Biochemistry, Lipids

Article Author:
Saba Ahmed
Article Editor:
Owais Ahmed
3/19/2020 1:00:45 PM
PubMed Link:
Biochemistry, Lipids


People today are taught to be “hydrophobic.” Fats are said to be bad for people, and they should not be included in the diet. However, fats and lipids are an essential part of the everyday functioning of the human body, down to the molecular level. They are used for some very important processes described below.
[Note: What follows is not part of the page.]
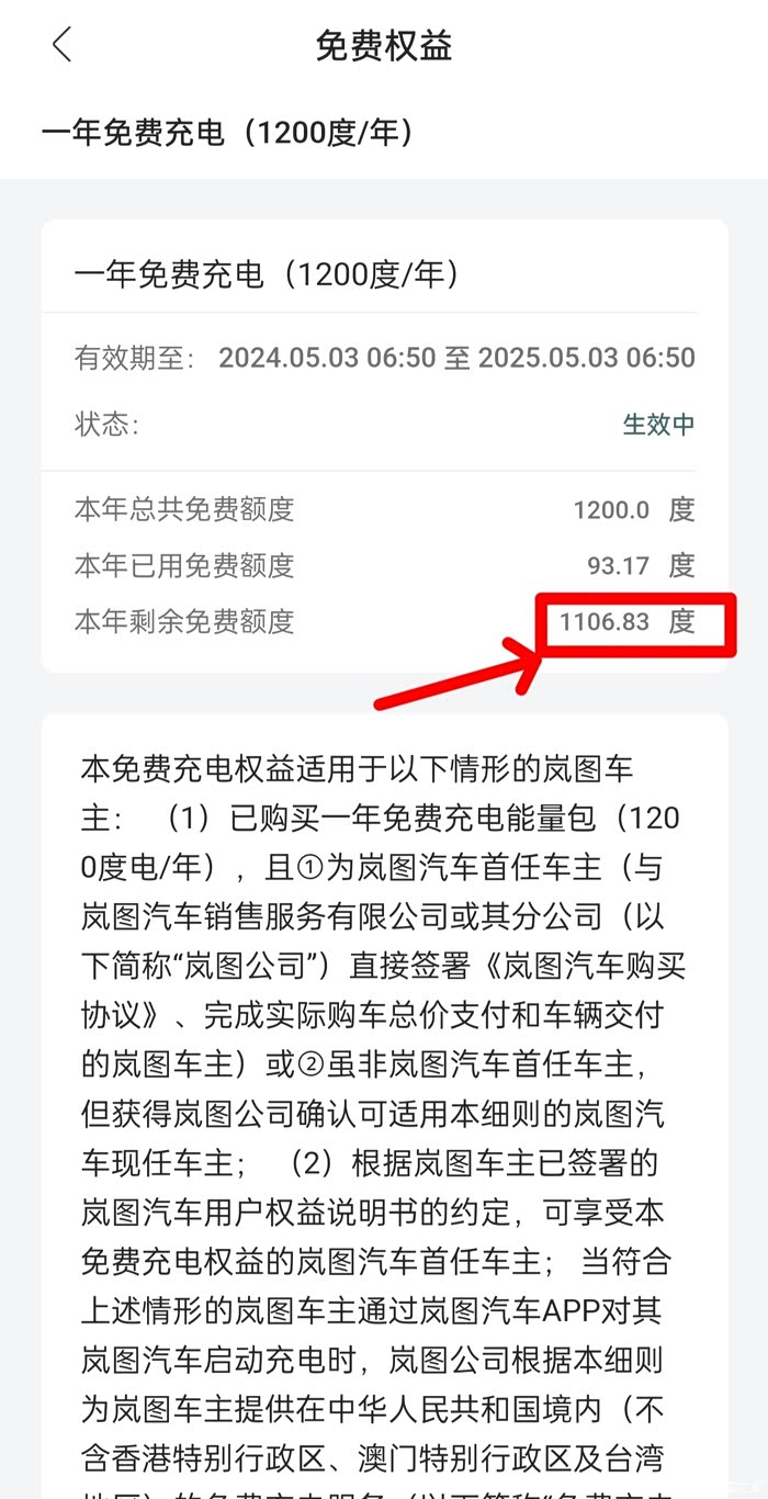 我早在51节的时候就在岚图app商城里用积分兑换了一年1200度免费充电权益,也正是为了接下来一年出游而储备。
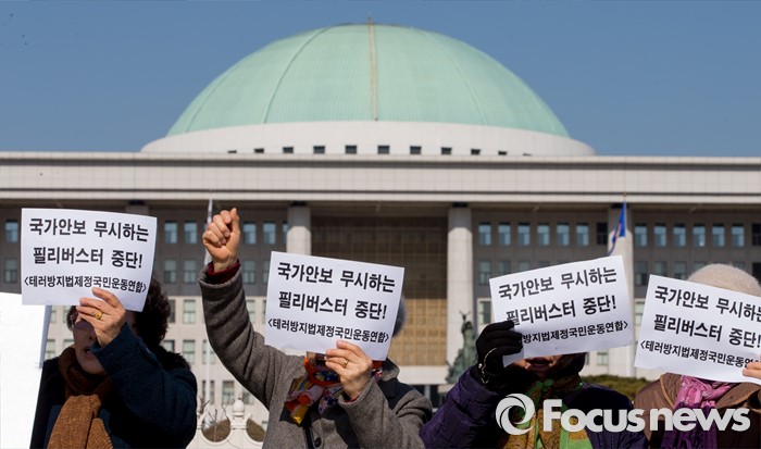 (서울=포커스뉴스) 26일 오전 서울 여의도 국회 정문 앞에서 보수단체 회원들이 테러방지법 제정을 요구하는 구호를 외치고 있다.

Lipids are fatty, waxy, or oily compounds that are truly “hydrophobic” and insoluble in polar solvents such as water, but soluble in organic solvents. Lipids include:

  • Fats and oils (triglycerides)
  • Phospholipids
  • Waxes
  • Steroids

They are a significant part of biological membranes as well as of the myelin sheath that coats and protects the nerves for our neurological functioning.


Fats and oils are esters made up of glycerol, which is a 3-carbon sugar, and 3 fatty acids. Fatty acids are hydrocarbon chains of differing lengths with various degrees of unsaturation that end with carboxylic acid groups. Additionally, fatty acid double bonds could either be cis or trans, which creates many different types of fatty acids. Fatty acids in biological systems usually contain an even number of carbon atoms and are typically 14 carbons to 24 carbons long. Triglycerides store energy, provide insulation, as well as aid in the absorption of fat-soluble vitamins. Fats are normally solid at room temperature, while oils are generally liquid.[1]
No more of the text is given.